SUPPLIED INFORMATION: Begin

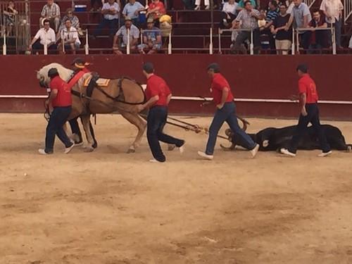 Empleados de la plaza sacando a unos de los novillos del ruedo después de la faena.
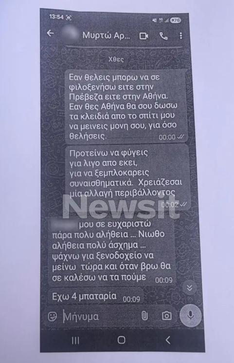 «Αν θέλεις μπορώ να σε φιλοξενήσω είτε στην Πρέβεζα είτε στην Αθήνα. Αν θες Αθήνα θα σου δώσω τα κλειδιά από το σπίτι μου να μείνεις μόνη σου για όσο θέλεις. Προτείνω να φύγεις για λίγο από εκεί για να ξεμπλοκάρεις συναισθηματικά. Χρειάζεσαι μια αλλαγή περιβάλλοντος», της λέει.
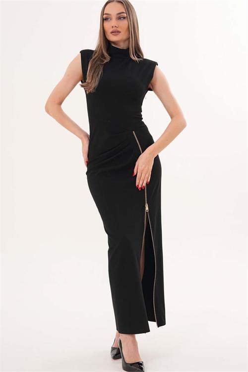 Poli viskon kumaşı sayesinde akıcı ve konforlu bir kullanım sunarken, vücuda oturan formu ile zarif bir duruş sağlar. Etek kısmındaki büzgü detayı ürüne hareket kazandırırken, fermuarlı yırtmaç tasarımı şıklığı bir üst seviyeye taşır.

SUPPLIED INFORMATION: End
SUPPLIED INFORMATION: Begin

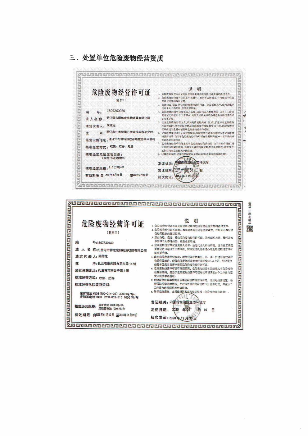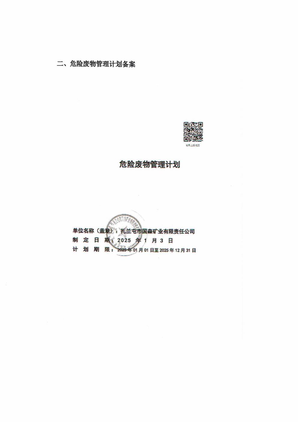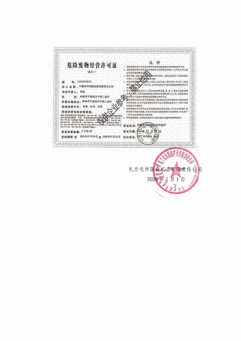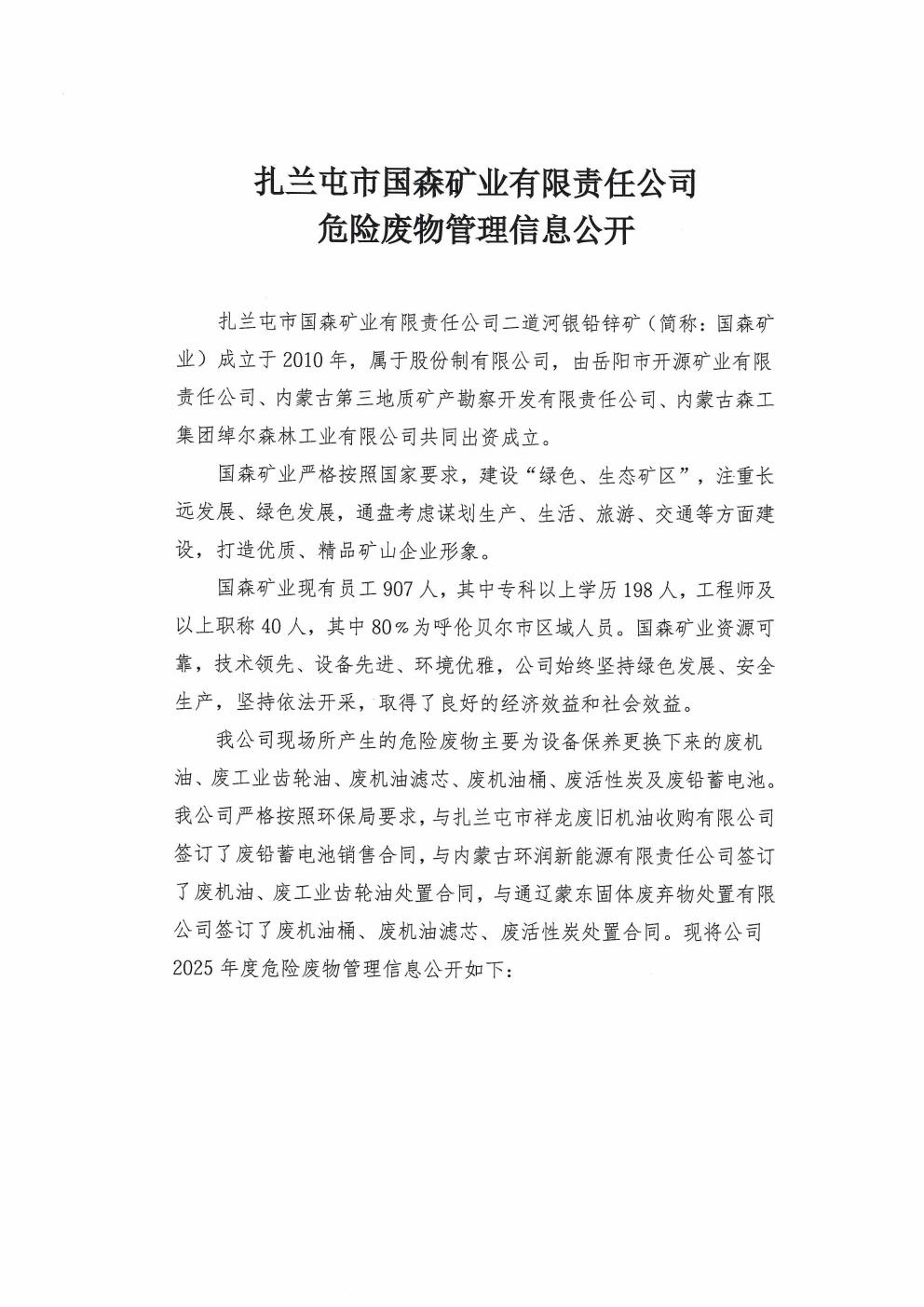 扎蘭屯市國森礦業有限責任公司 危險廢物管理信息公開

SUPPLIED INFORMATION: End
SUPPLIED INFORMATION: Begin

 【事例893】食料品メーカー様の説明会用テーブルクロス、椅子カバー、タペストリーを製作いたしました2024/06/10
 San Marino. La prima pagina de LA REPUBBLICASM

SUPPLIED INFORMATION: End

*TASK BRIEF*
Given the entries above, transcribe exactly the lines from the one holding "Empleados de la" through the one holding "θέλεις μπορώ να"; pictures do not belong in the transcription.

*COMPLETED TASK*
 Empleados de la plaza sacando a unos de los novillos del ruedo después de la faena.
 «Αν θέλεις μπορώ να σε φιλοξενήσω είτε στην Πρέβεζα είτε στην Αθήνα. Αν θες Αθήνα θα σου δώσω τα κλειδιά από το σπίτι μου να μείνεις μόνη σου για όσο θέλεις. Προτείνω να φύγεις για λίγο από εκεί για να ξεμπλοκάρεις συναισθηματικά. Χρειάζεσαι μια αλλαγή περιβάλλοντος», της λέει.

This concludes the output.